Big Data is mined and analyzed through algorithms that utilize huge amounts of historical data and insert them into complex mathematical models to provide accurate predictions to maximize portfolio returns. With the ever-increasing capabilities of computers to churn and handle data, automated computer programs perform stock trading at the best possible prices at speeds that a human broker cannot. It also removes the possibility of human error, thus creating less risky investments.

Algorithms such as Apriori, FPGrowth (Frequent Pattern Growth) together with analytical methods such as Lift, Kulc, IR, Chi-square help users identify useful data and discard data that is of little value using highly sophisticated statistical techniques, factoring in real-time news, updates from social media and frequently changing stock data.

Similarly, robo-advisors manage wealth and investments online through generating automated, algorithm-based portfolio management advice without the use of human planners by bringing huge amounts of data on a digital platform.

While predictive analysis is out of reach of most small-time investors, there are affordable applications that abstract complex data through statistical approaches and market sentiment.

See Also

Applications such as InTenMin and Investtech run high-speed analytics on historical and real-time stock data to provide in-depth statistics. This information is then correlated with sentiment analysis from social media in order to provide a 360-degree analysis on stocks. Data include billions of records of stock ticker information and live twitter feeds.

However, the use of Analytics and Big Data in the Indian scenario remains restricted to a few.
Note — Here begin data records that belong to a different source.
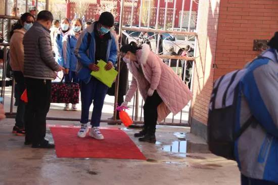 早晨八點(diǎn)三十分,學(xué)生陸續(xù)到校,學(xué)校各部門按照前期演練的程序有序組織學(xué)生進(jìn)校。班主任在學(xué)生整隊(duì)等待區(qū)整隊(duì)、學(xué)生遞交返校監(jiān)控資料、鞋底消毒、手部消毒、領(lǐng)取新口罩、回收舊口罩、體溫檢測、洗手、入班再檢測體溫、宣講新型冠狀病毒感染肺炎防控知識(shí),各個(gè)環(huán)節(jié)緊湊有序。185名高三學(xué)生沒有出現(xiàn)任何身體不適和體溫異常情況,實(shí)現(xiàn)了有序安全返校。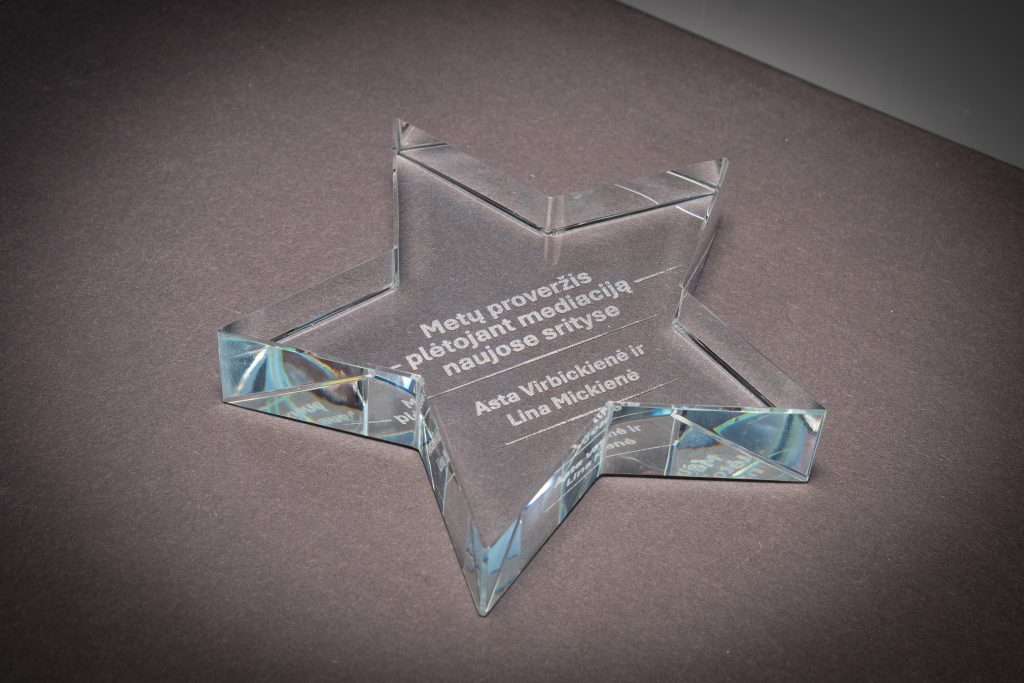„Metų proveržio plėtojant mediaciją naujose srityse“ įvertinimas, bendruomenės sprendimu, skirtas Valstybino patentų biuro mediatorėms Astai Virbickienei ir Linai Mickienei, už jų indėlį plėtojant mediaciją intelektinės nuosavybės srityje.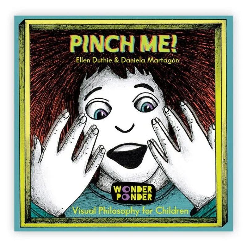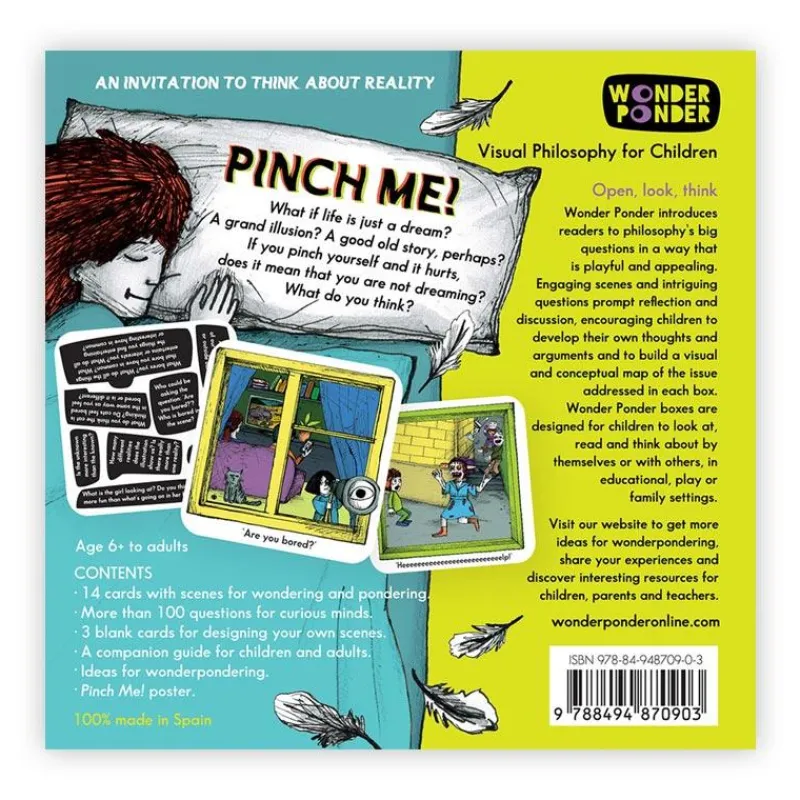What if life is just a dream? A good old story? A grand illusion, perhaps? If you pinch yourself and it hurts, does it mean that you are not dreaming?What do you think? Pinch Me! is the fourth title in the Visual Philosophy for Children series by Wonder Ponder. Half-way between a book and a game, it comes in a box and invites readers aged six and over (adults too!) to think about reality, imagination and dreaming in a playful, philosophically stimulating and literarily engaging way. Wonder Ponder introduces readers to philosophy’s big questions in a way that is fun and appealing. Engaging scenes and intriguing questions prompt reflection and discussion encouraging children to develop their own thoughts and arguments and to build a visual and conceptual map of the issue addressed in each box. Wonder Ponder boxes are designed to look at, read and think about by themselves or with others, in educational, play or family settings.

Data: Structured or Unstructured

The New York Stock Exchange generates 1 terabyte of data every day, according to one estimate, which is undecipherable by a normal human being. Only a small part of such data is structured and which can be managed through relational databases and spreadsheets. Unstructured data, on the other hand, cannot be fit into a predetermined model. Investment banks and asset management firms need to analyze such voluminous data to make good investment decisions.

Therefore, today, stock markets, financial institutions such as banks and capital markets, and insurance and retirement institutions increasingly use Analytics and algorithmic techniques for active risk management.